I grab her hand and pull her up and we walk back down the stairs. I grab her by the hand to stop her, "Chin up ok. Don't let them see you upset. You're better than them." I say to her. She turns and puts her head up and walks down the stairs. Puck is standing there looking nervous and he walks over to us. "You ok Berry? I was worried." She hugs him and whispers in his ear and he now has the biggest grin on his face. "You kick ass Berry!" he says. And she turns to me and yells, "Now where is Blaine Warbler, I feel a duet coming on!"

**Rachel POV**

Well this night has turned out to be interesting. Ugh! One minute I am dancing with Kurt and the next I see Finn coming right for me. For a second I will admit that my heart thought that maybe he was finally going to forgive me. But then I saw his face. And I knew. As soon as the words were out of his mouth. "I have to tell you something." I knew what he was going to say. I braced myself against my bed as he looked at me and said "I'm dating Quinn. I didn't want to tell you because I didn't want to hurt your feelings, but I know that I also just didn't know what to say to you. I'm sorry Rachel, I hope you understand." Understand. How am I supposed to understand?

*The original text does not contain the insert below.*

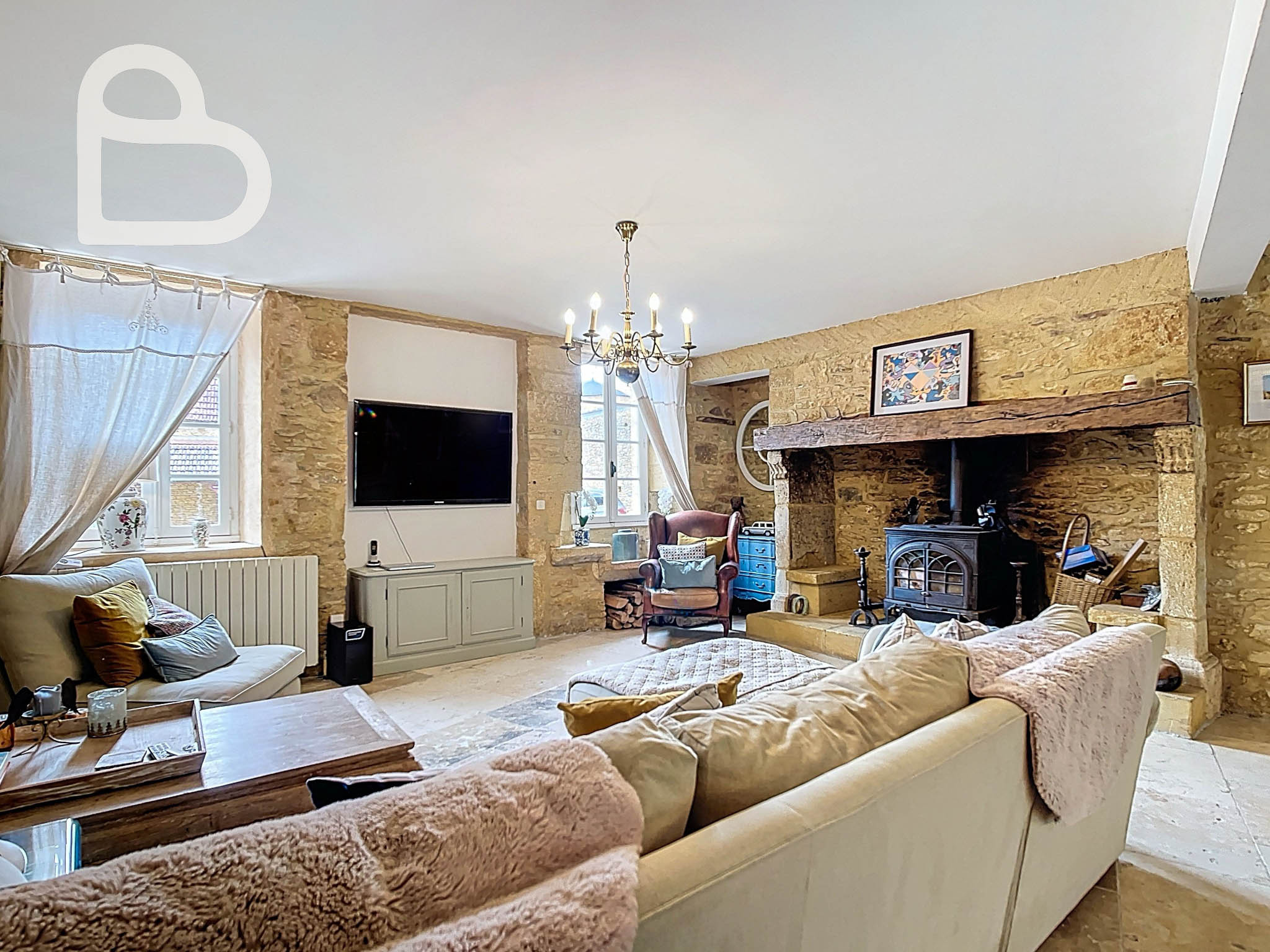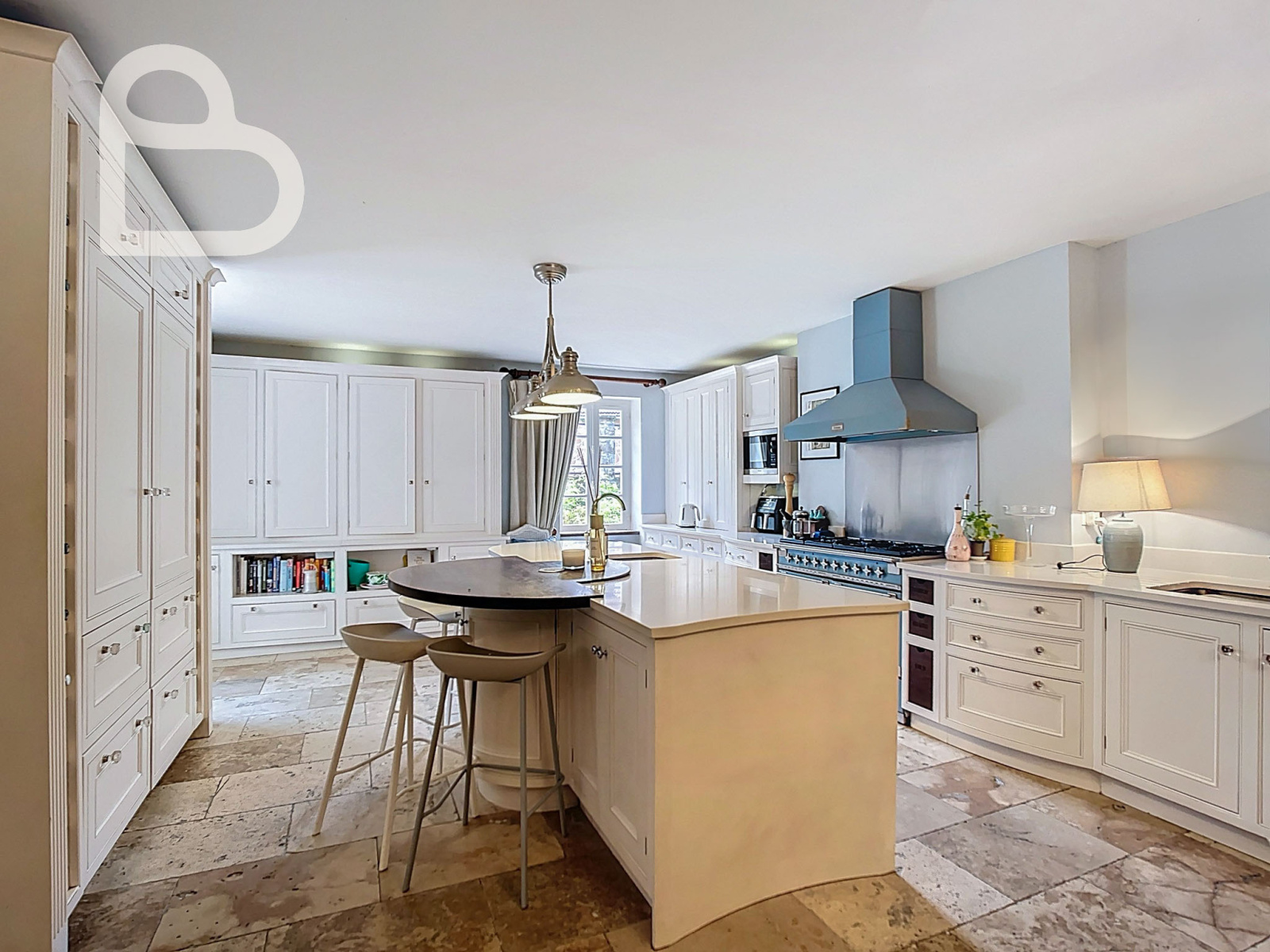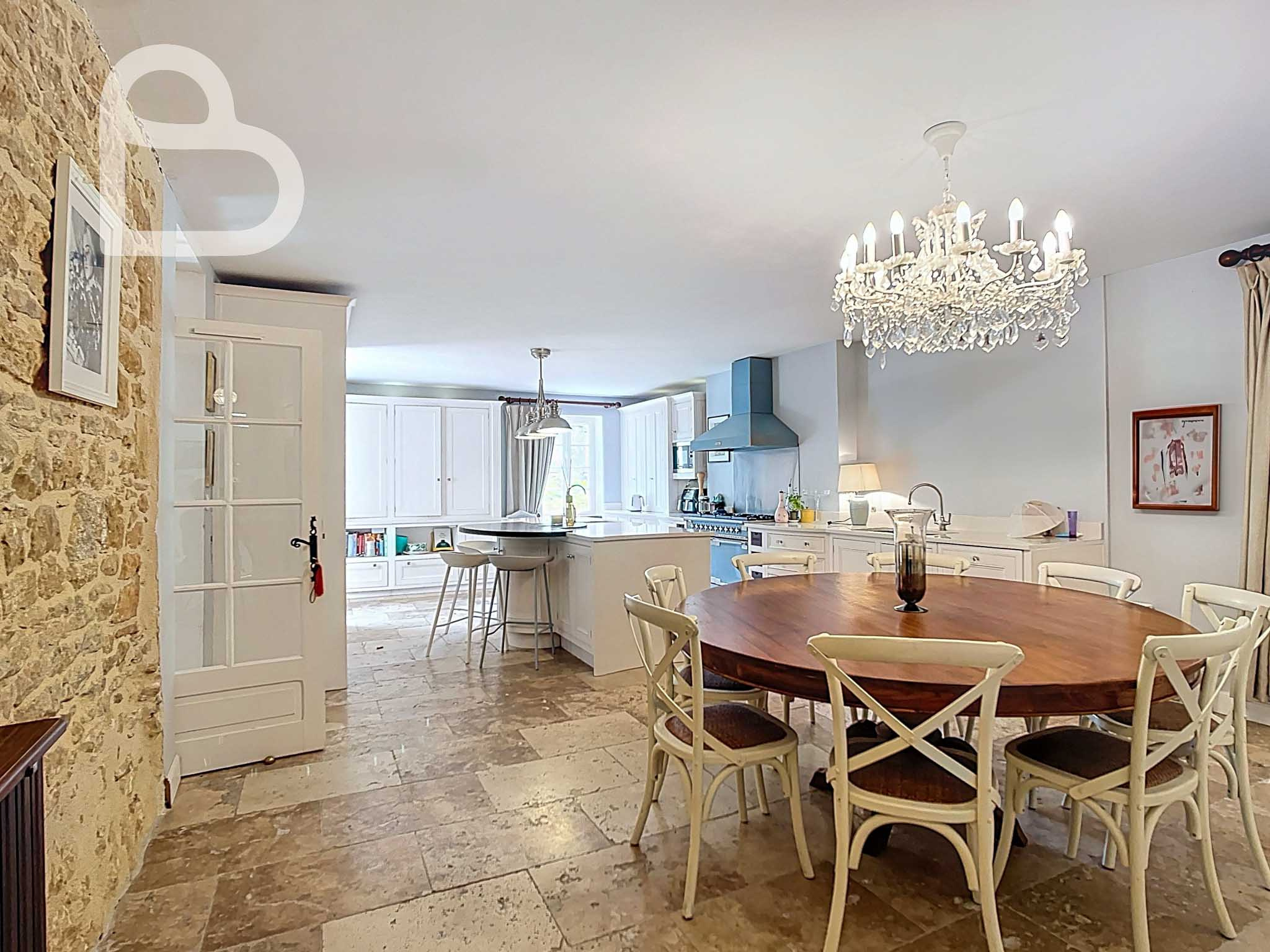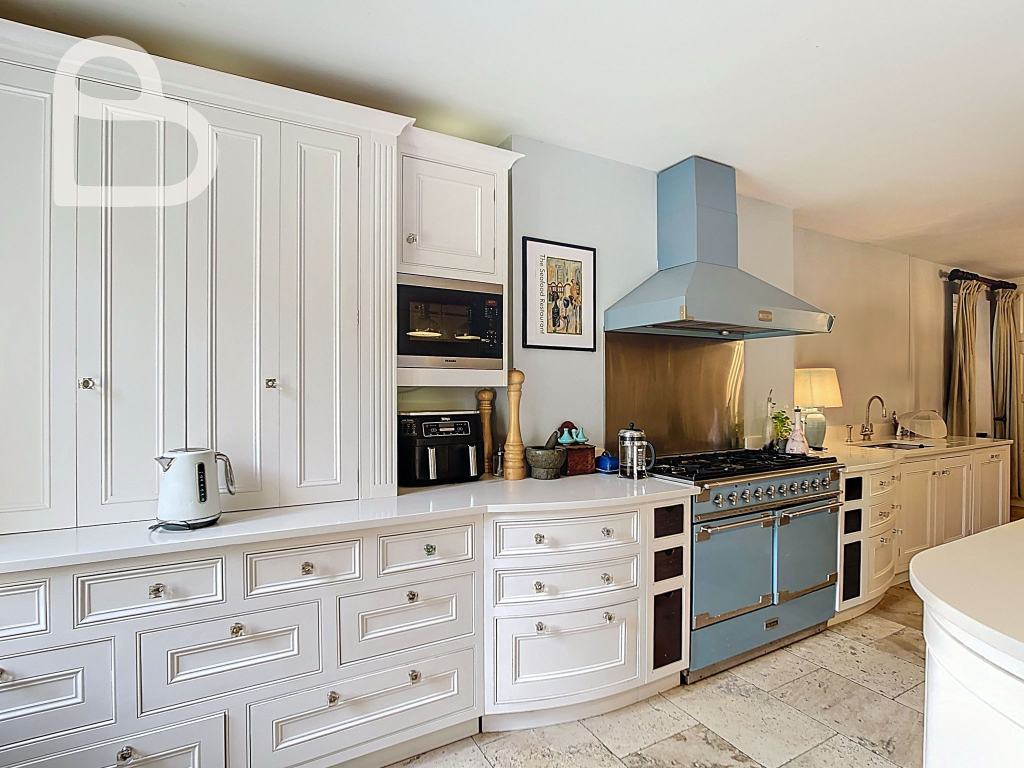 Dès l’entrée, un vaste hall avec banquette intégrée, rangements et toilettes indépendantes mène à la cuisine familiale et au salon. Véritable pièce maîtresse de la maison, la cuisine, parfaitement équipée, séduit par sa fonctionnalité et son confort : grand espace de rangement, piano de cuisson Falcon, deux éviers et un îlot central. Le grand salon attenant respire l’authenticité grâce à ses murs en pierre, ses sols en travertin et sa cheminée dotée d’un poêle à bois.

I stand up and walk away from him. "How long have you two been dating?" I ask. Not wanting to hear the answer. "A couple of weeks. After the football game really." I turn to look at him. "And you thought not telling me was best?" I say feeling angry. "Is there a reason that you are so afraid to be honest with me Finn?" He stands up and walks over to me. "Rach…" I put my hand to his mouth. "Don't. Just don't call me that. You don't have a right to call me that anymore." "I'm sorry Rachel. I really am. It's just I don't know what's going to happen with me and Quinn but I have to find out. Maybe that's why things didn't work out with us."

I step back banging into my dresser and knocking over my picture frame of Finn and I at regionals. "Stop. I don't want to stand here and hear you tell me that we didn't work out because you are in love with her. Just stop." I beg him. "Rach…el…he says, I didn't say that. I mean. I don't know what I mean anymore. I'm not good at this, you know that." I can feel my tears welling up in my eyes and I don't want to cry. Not tonight. "Well you sure are good at breaking my heart Finn Hudson!"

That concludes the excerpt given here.